— What is being asked —
Transcribe word for word the lines below from the line with "Шкаф для одежды" through the line with "HRC — это продвинутый", ends included.

— Records for processing —
- - - -

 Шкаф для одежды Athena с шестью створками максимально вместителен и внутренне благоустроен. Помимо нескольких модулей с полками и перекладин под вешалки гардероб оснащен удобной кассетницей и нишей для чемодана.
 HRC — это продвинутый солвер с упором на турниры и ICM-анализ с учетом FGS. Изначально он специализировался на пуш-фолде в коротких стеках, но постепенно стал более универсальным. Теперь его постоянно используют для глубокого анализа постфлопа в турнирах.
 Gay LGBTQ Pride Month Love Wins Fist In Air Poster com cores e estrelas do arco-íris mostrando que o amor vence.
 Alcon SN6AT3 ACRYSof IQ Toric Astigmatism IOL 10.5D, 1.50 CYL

- - - -

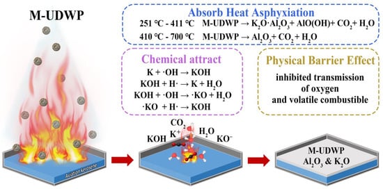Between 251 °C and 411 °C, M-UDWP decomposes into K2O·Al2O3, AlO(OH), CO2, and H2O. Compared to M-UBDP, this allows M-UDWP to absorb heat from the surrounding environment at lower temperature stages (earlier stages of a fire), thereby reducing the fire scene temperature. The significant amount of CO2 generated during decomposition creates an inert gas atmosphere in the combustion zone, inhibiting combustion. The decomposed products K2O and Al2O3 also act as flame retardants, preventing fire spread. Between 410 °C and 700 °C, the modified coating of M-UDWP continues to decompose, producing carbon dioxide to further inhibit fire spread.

- - - -

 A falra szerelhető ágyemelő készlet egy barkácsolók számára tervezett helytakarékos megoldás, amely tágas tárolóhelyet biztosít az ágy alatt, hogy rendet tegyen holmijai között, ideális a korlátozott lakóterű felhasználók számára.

- - - -

— Answer to this task —
 Шкаф для одежды Athena с шестью створками максимально вместителен и внутренне благоустроен. Помимо нескольких модулей с полками и перекладин под вешалки гардероб оснащен удобной кассетницей и нишей для чемодана.
 HRC — это продвинутый солвер с упором на турниры и ICM-анализ с учетом FGS. Изначально он специализировался на пуш-фолде в коротких стеках, но постепенно стал более универсальным. Теперь его постоянно используют для глубокого анализа постфлопа в турнирах.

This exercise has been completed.